--- LISTED RECORDS Enclosed Below ---

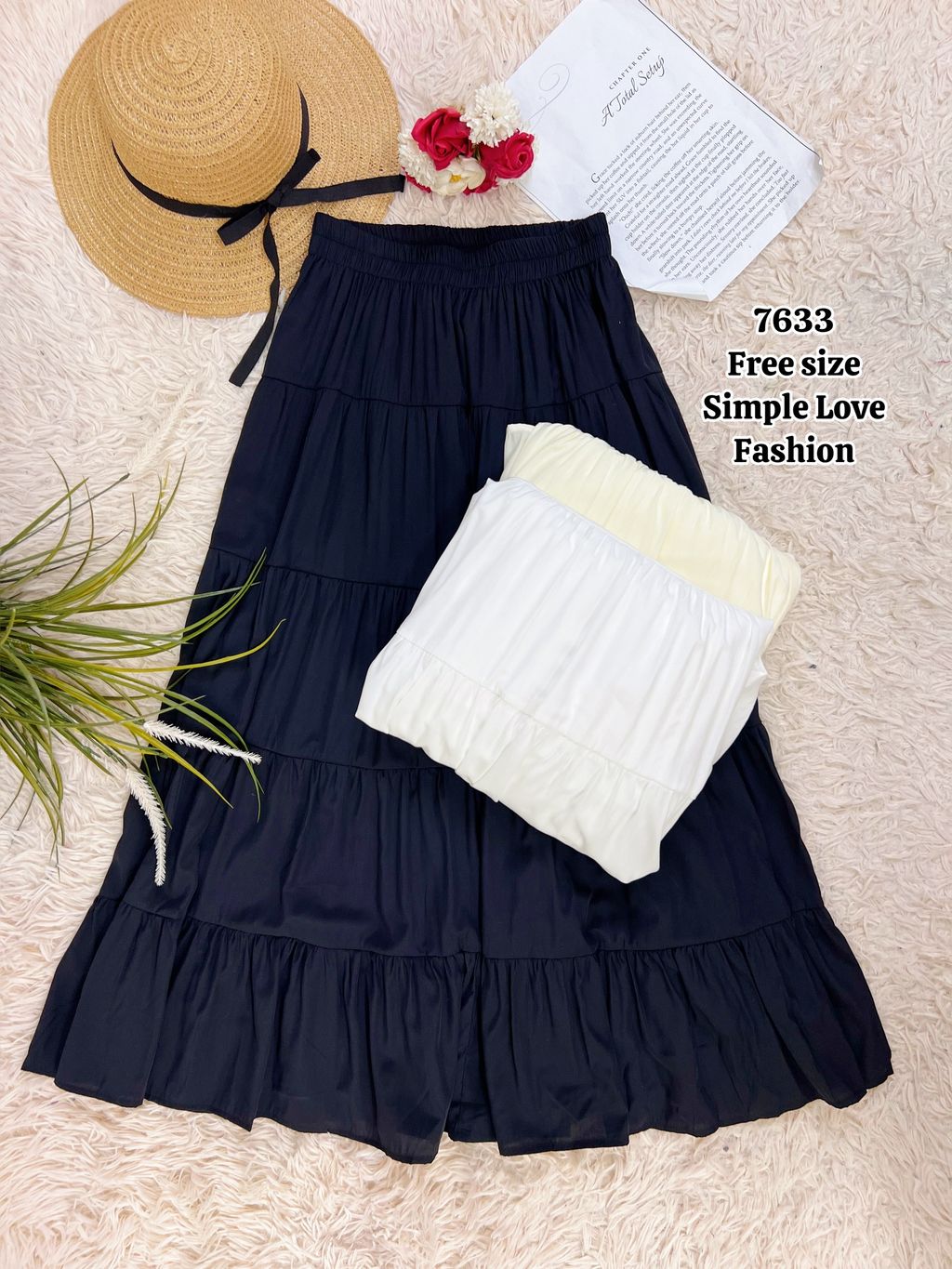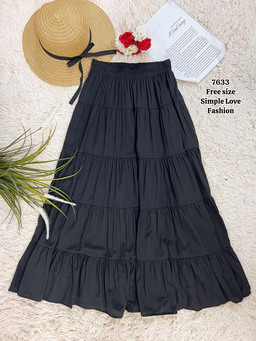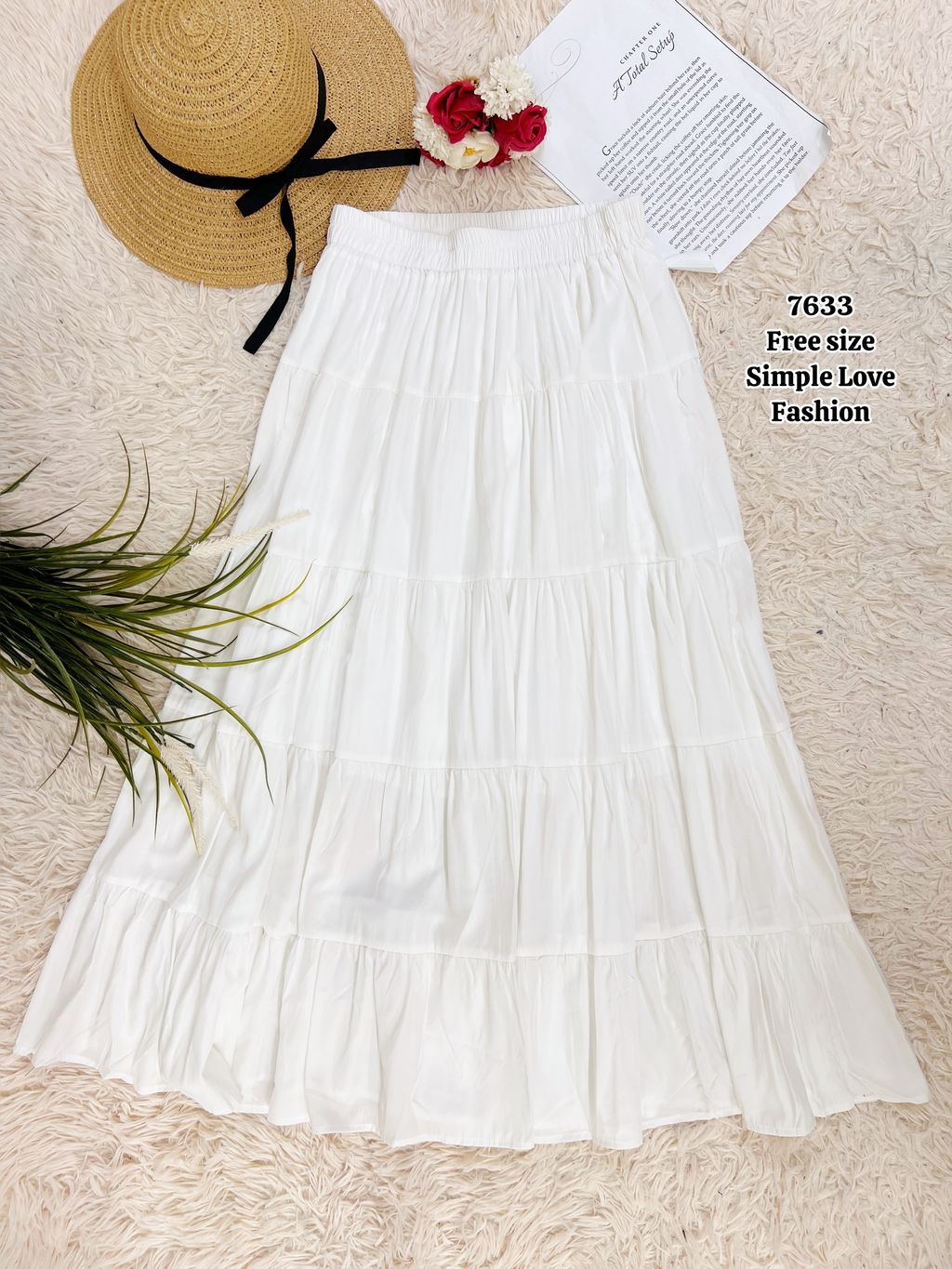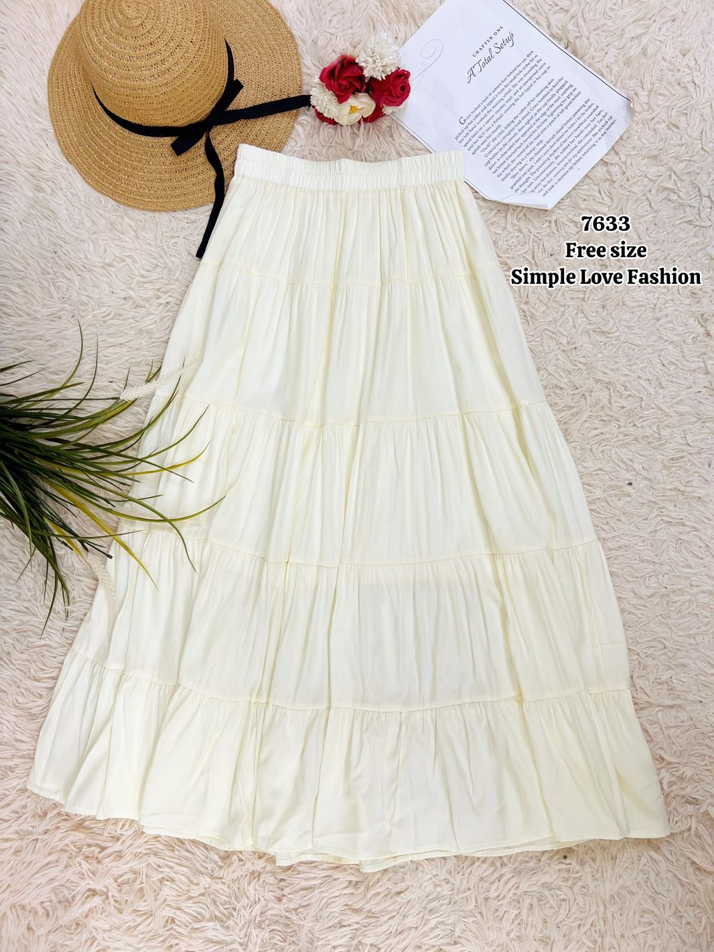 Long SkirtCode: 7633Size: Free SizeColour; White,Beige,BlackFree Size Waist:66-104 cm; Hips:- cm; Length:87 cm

--- End of Enclosed LISTED RECORDS ---
--- LISTED RECORDS Enclosed Below ---

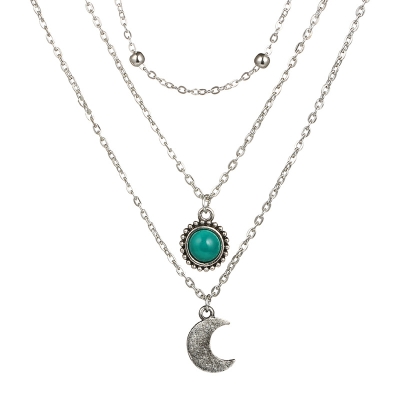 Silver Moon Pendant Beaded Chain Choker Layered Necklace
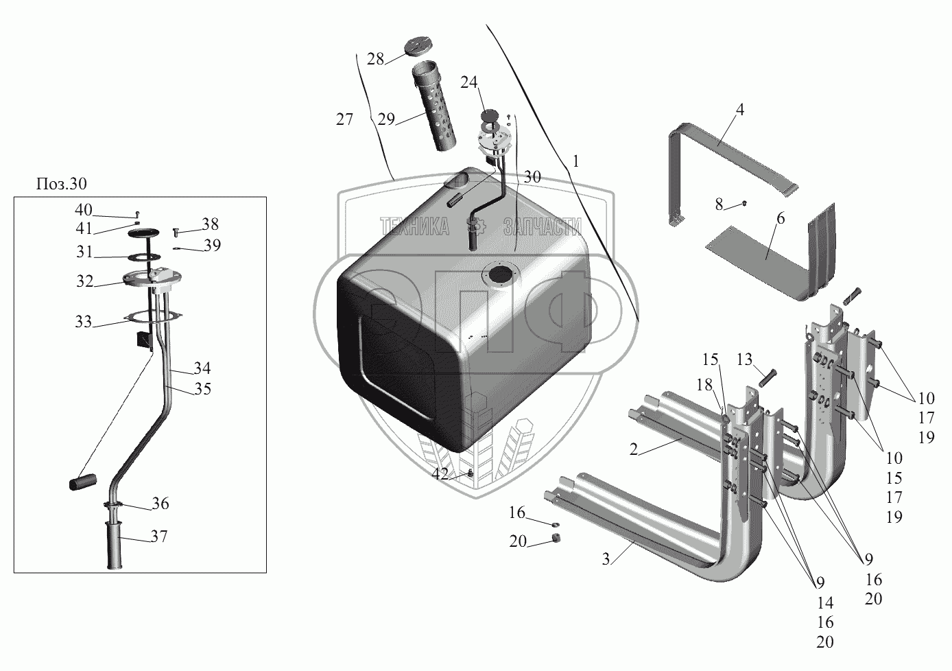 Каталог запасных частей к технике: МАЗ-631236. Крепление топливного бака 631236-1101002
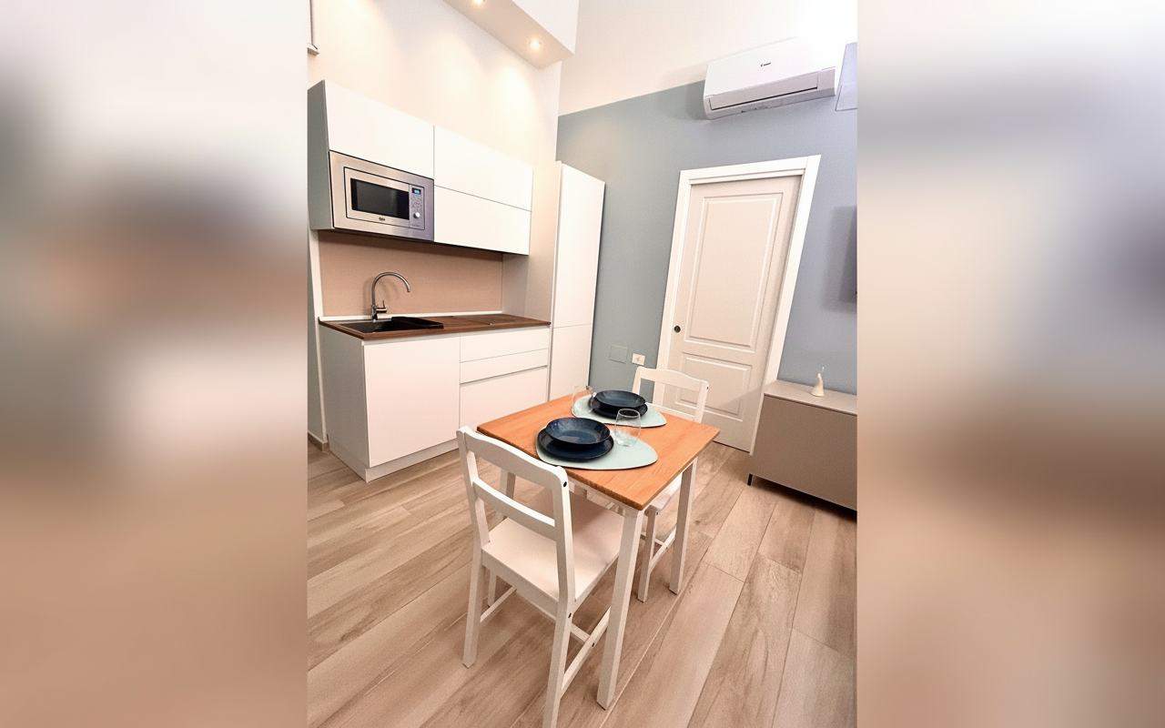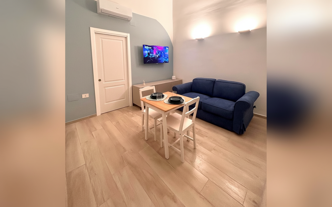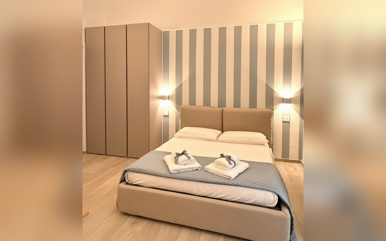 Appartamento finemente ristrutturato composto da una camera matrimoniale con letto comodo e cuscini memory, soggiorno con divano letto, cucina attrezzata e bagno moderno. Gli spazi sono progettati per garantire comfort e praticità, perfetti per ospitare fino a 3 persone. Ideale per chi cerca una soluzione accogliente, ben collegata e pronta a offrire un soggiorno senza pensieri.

--- End of Enclosed LISTED RECORDS ---

# EXERCISE GOAL
Using the data above, print only the lines starting at the one with "Silver Moon Pendant" and ending at the one with "Appartamento finemente ristrutturato", exactly as they stand, minus the pictures.

# OUTPUT OF THE EXERCISE
 Silver Moon Pendant Beaded Chain Choker Layered Necklace
 Каталог запасных частей к технике: МАЗ-631236. Крепление топливного бака 631236-1101002
 Appartamento finemente ristrutturato composto da una camera matrimoniale con letto comodo e cuscini memory, soggiorno con divano letto, cucina attrezzata e bagno moderno. Gli spazi sono progettati per garantire comfort e praticità, perfetti per ospitare fino a 3 persone. Ideale per chi cerca una soluzione accogliente, ben collegata e pronta a offrire un soggiorno senza pensieri.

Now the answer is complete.